Дочь палача и король нищих
Шрифт:
– Он может стать цирюльником.
Воцарилось молчание, тишину нарушали лишь крики ворон на крышах.
– Цирюльником? – Симон изумленно уставился на Магдалену. – Чистить грязные бадьи, пускать кровь и брить бороды? Не думаю, что мне это подойдет. Цирюльник – профессия низкая и…
– Именно, и мы подойдем друг другу как нельзя лучше, – перебила его Магдалена. – А бороды я охотно беру на себя, если тебе это так претит.
Лехнер задумчиво склонил голову.
– Цирюльник? А почему нет? Вообще, не такая уж и плохая мысль. У нас, конечно, есть уже один такой в городе,
– А люди? – вмешалась Анна-Мария. – Люди что скажут? Я как только подумаю про Бертхольда и эти судилища… – Она тряхнула головой. – Второй подобной ночи я не хочу.
– Насчет Бертхольда можете уже не беспокоиться, – сказал Лехнер. – Его два дня назад забрала чума. Даже жена о нем ни слезинки не пролила. – Секретарь пожал плечами. – Ни зверобой, ни молитвы ему в итоге не помогли. Вчера вечером его спешно зарыли на кладбище Святого Себастьяна. Мир праху его… – Он быстро перекрестился, затем протянул руку. – По рукам, Фронвизер? Станешь цирюльником, и я улажу в совете все трудности касаемо женитьбы на дочери палача.
Симон задумался на мгновение, после чего пожал руку.
– По рукам.
– Минуточку, – проворчал Куизль. – Моего одобрения не спросили, а уже и свадьбу решили сыграть. Я всегда говорил, что палач из Штайнгадена будет для Магдалены отличной…
– Хватит придуриваться, упрямец! – перебила его Анна-Мария. – Можешь не скрывать больше, что Симон тебе по душе. А после всего того, что он для тебя сделал, будет чертовски несправедливо ему отказывать. Так что давай уже свое благословение и оставь их одних. Довольно ты из себя злобного ворчуна строил.
У Куизля отвисла челюсть, он изумленно уставился на жену, но промолчал. Да и сказать ему, по всей видимости, было нечего.

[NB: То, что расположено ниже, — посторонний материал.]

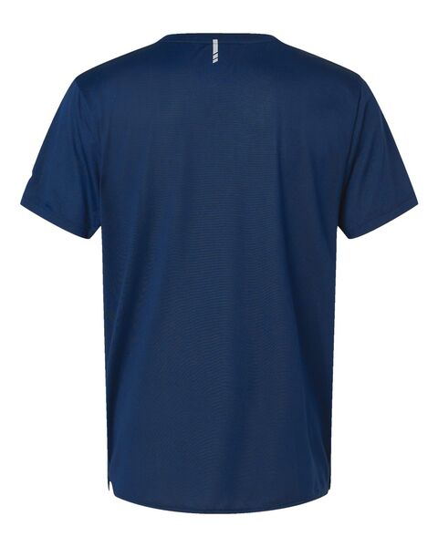 4.7 oz./yd_, 100% polyester Athletic fit Set-in self collar Flat lock seams Left hem woven jock tag and ellipse transfer Back neck yoke reflective...

– Тогда не буду мешать молодым.
Тонкие губы Лехнера растянулись в улыбке. Затем секретарь резко развернулся и в сопровождении стражников зашагал к Речным воротам.

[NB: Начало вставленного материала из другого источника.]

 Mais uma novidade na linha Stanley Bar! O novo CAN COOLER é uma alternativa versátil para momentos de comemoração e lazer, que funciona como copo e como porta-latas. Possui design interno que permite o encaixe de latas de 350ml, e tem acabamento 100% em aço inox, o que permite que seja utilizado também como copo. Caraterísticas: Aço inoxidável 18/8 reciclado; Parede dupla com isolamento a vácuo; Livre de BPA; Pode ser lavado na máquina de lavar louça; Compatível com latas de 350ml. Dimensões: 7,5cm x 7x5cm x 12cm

– Через два часа жду вас в доме вашего отца! – бросил он на ходу, обращаясь к Симону. – И супругу будущую приводите. У нас много дел!
Свежеиспеченный цирюльник усмехнулся. Симон в который раз уже утвердился в мысли, что Лехнер добился именно того, на что изначально рассчитывал. Затем он взял Магдалену за руку и побрел вместе с ней в город, к дому отца.
Когда новобрачные скрылись за Речными воротами, Куизль вместе с женой прошел в дом, и они поднялись в комнату, где спали близнецы. Муж и жена долго стояли рядом, держались за руки и смотрели на детей, что мирно посапывали в кроватках.
– Ну разве они не прекрасны? – прошептала Анна-Мария.
Якоб кивнул.
– Такие невинные… Притом что папа их столько людей угробил.
– Болван, детям не палач нужен, а отец, – возразила его жена. – Другого у них нет, не забывай.
Тень внезапно легла на лицо Куизля; он резко выпустил руку
Анна-Мария, заметив, с каким угрюмым видом сидит ее муж, невольно улыбнулась. Она достаточно хорошо знала его характер: требовалось некоторое время, чтобы он подал наконец голос; иногда такое могло продолжаться по нескольку дней. Она молча наложила кореньев в каменную ступку и принялась их ритмично размалывать. Долгое время тишину в комнате нарушало лишь поскрипывание пестика, да потрескивал огонь в камине.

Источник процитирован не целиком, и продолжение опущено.